The Gilded Age, as Mark Twain enduringly described it, sticks out like a sore thumb on the American historical landscape. It is a symbol of corruption, greed, extravagance, and exploitation, of a country gone wild with excess. It also serves as a yardstick to measure the indiscretions and inequalities of subsequent times, not least our own. Still, the Gilded Age has never received the scholarly attention lavished on Reconstruction or the Progressive era—the periods before and after—though it is generally attached to the latter as a way of explaining the eventual swing toward a long period of reform.
Richard White takes another approach. In his impressive new book The Republic for Which It Stands, the latest volume in the ongoing “Oxford History of the United States,” White links the Gilded Age with Reconstruction—the two “gestated together,” he writes—and, in so doing, casts both in a different light while raising new questions about a nation born in the cauldron of civil war. Indeed, there’s a sense in which White has the Gilded Age effectively encompass the Reconstruction era; both periods, he argues, were defined by ongoing, and often explosive, struggles over the fundamentals of society and state in postbellum America: Who would rule and be ruled, whose vision of political economy and social relations would prevail, and who would pay the price? White thus speaks of the “twins” that were conceived in 1865. The first was “the world [that Americans] anticipated emerging from the Civil War,” which “died before being born”; the second “lived” but was “forever haunted by its sibling.” The book’s prologue, “Mourning Lincoln” (acknowledging an important study of the same name by Martha Hodes), makes the case for the larger social meaning of Lincoln’s assassination and sets the tone for the many pages that follow. The Republic for Which It Stands offers a sobering and generally dispiriting view of the nation’s contested road from the end of the Civil War to its emergence as an industrial-capitalist power by the turn of the 20th century.
There are no small challenges to reconceiving the three decades of American history that White covers in his book, especially given the demanding standards of comprehensiveness to which the Oxford series is devoted. Readers will find a veritable kaleidoscope of subject matter, from electoral politics, political economy, and industrial warfare to popular culture, literature, and sports. They will find figures of political and cultural prominence as well as those who are now relatively obscure, but who at the time were consequential for their ideas and activism.
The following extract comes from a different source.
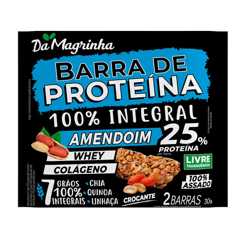 <p>A Barra proteica 100% integral possui em sua composição 7 grãos integrais, Colágeno e Whey. É 100% assada, livre de transgênicos e com 25% de proteína, além de ser crocante e deliciosa!</p> Sobre os ingredientes: <p>Amendoim, proteína texturizada de soja, açúcar mascavo, melado, pasta de amendoim, gotas de chocolate meio amargo, 7 grãos 100% integral (semente de girassol, flocos de arroz integral, centeio em flocos, gergelim, linhaça, chia e quinoa), crispies de proteína isolada de soja, cacau em pó, proteína isolada de soja, proteína concentrada de soro de leite, colágeno hidrolisado, estabilizante goma xantana, aroma e extrato de alecrim.</p> Alergênicos:<p> contém amendoim e derivados, derivados de soja, derivados de cevada, centeio e derivados de leite. Pode conter castanha do pará, macad mia, amêndoas, trigo, pistache, aveia, avelã e castanha de caju. Contém glúten. Contém lactose.</p> Sugestão de uso: <p>Pode ser consumido a qualquer hora do dia como alternativa de lanche.</p> Motivos para escolher o produto: <ul> <li> <p>100% assado</p> </li> <li> <p>25% de proteína</p> </li> <li> <p>Livre de transgênicos</p> </li> <li> <p>Com Whey e Colágeno</p> </li> </ul> Sobre a marca: <p>Fundada há mais de 25 anos em Florianópolis, <strong>Da Magrinha</strong> foi incorporada pelo grupo Hathor em 2012 com o objetivo de se tornar umas das marcas mais importantes do segmento no Brasil, criando produtos gostosos, artesanais, saudáveis e integrais de verdade!</p>

And they will find geopolitical breadth, as White—drawing on his expertise in Western US history—makes sure that the trans-Mississippi West and its racially and ethnically mixed denizens figure significantly in the unfolding story. Holding the more than 900 sprawling pages together is a framework in which party politics and national elections are set as the chronological markers for a developing battle between the forces of liberalism and anti-monopoly, all carried along by the commentary of the novelist, editor, and critic William Dean Howells, whose intellectual journey in many ways mirrored the political drift of the times.